# Combinatorics Question

1. Aug 23, 2009

### rbzima

1. The problem statement, all variables and given/known data

The sum of 5 positive real numbers is 100. Prove that there are two numbers among them whose difference is at most 10.

2. Relevant equations

Nothing really...

3. The attempt at a solution

The biggest problem I'm running into is that I can think of specific examples, but translating that into an algebraic argument has always been my weak area. Getting started is where I struggle the most... but I'm thinking the following:

Let's assume there are no two positive real numbers whose difference is at most 10.
Let $$a_{1}, a_{2}, a_{3}, a_{4}, a_{5}$$ each represent some positive real number whose sum equal 100. Given that $$a_{1}$$ is the smallest real number, $$a_{2} = 10 + a_{1}$$, $$a_{3} = 10 + a_{2}$$ and so on...

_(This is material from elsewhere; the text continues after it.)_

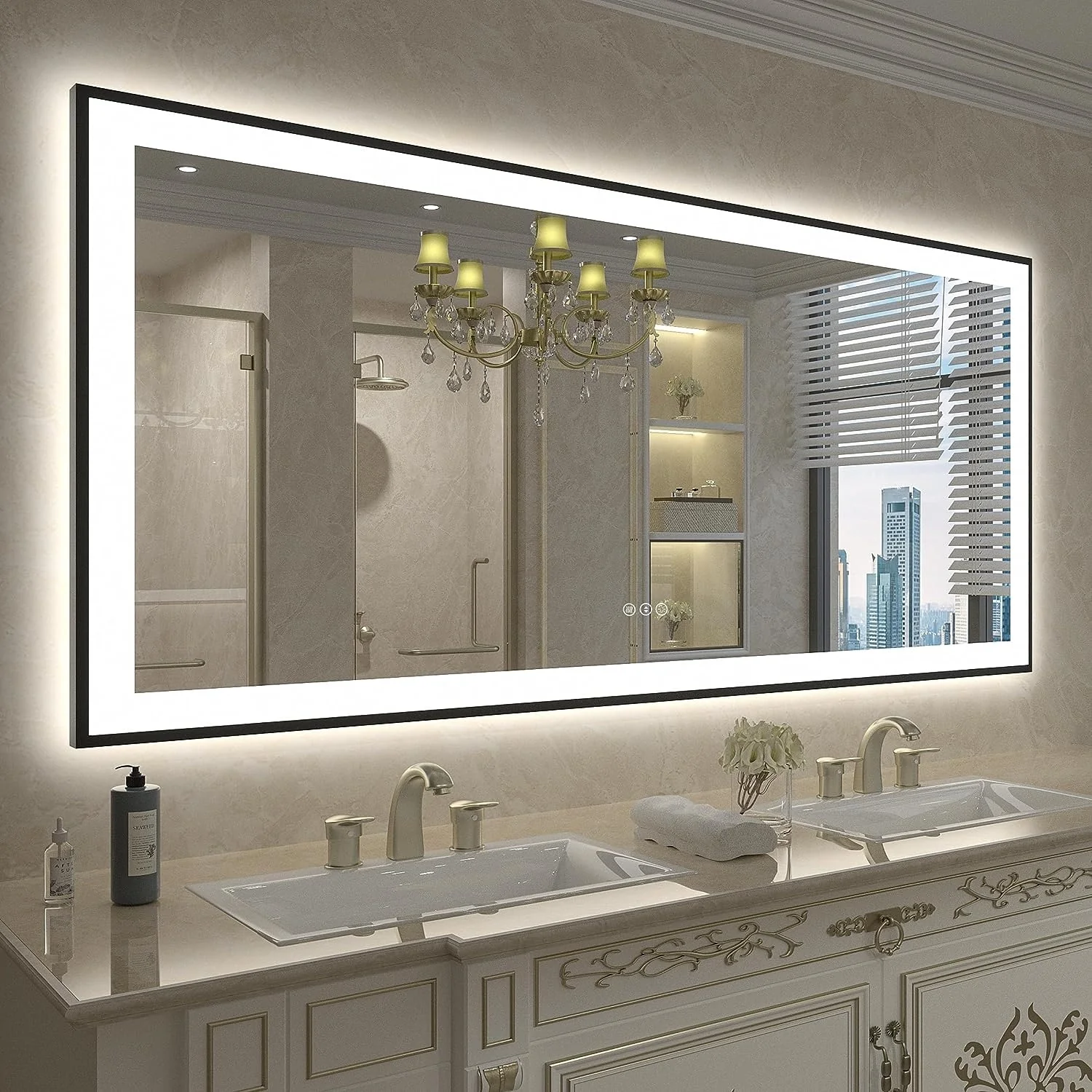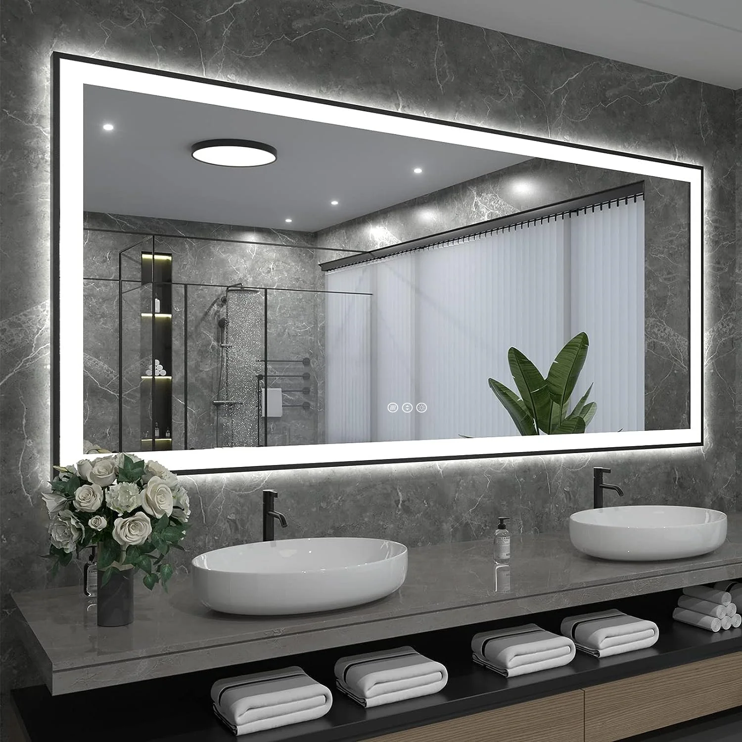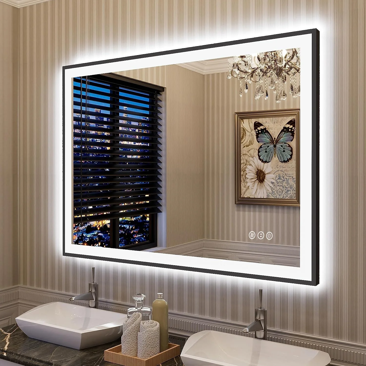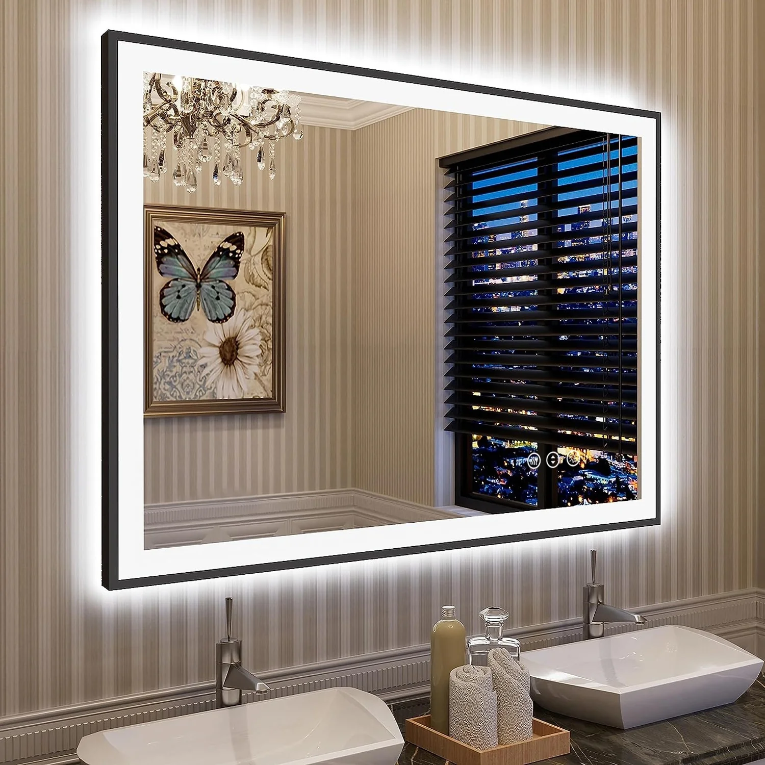 KIOTEE is offering a 3-year warranty, indicating that the materials and specifications of this product meet high standards compared to others. You can purchase with confidence! This LED mirror adopts 24-volt output voltage super-bright real CRI90+ 192 leds/m light strip (others are 12-volt low-power light strips, not bright enough.), tempered glass material (almost unbreakable) and corrosion-resistant powder coating process metal frame. 3 color temperature and brightness adjustment, smart anti-fog design, brings a modern look to your home.

Don't really know where to go from here! Suggestions?

Last edited: Aug 23, 2009
2. Aug 23, 2009

### Tom Mattson

Staff Emeritus
Well you've got a finite set of numbers, so you know it has a minimum. Let $x_1$ be that minimum. Furthermore they're real numbers so they're ordered. Let $x_1\leq x_2 \leq x_3 \leq x_4 \leq x_5$. Now suppose that there do not exist a pair of numbers such that their difference is at most 10.

Try to show that $x_1+x_2+x_3+x_4+x_5>100$.

3. Aug 23, 2009

### rbzima

Wow, that was straight forward... Totally figured it out...
I had an epiphany right before you responded, so I should be good now. I was definitely thinking the same thing, and ended up solving in terms of $$a_{1}$$. Regardless of how small $$a_{1}$$ is, as long as it's not 0, you will receive some value that is greater than 100, thus we have a contradiction, which means that there must be at least two values who have a difference of at most 10!

Thanks for the help!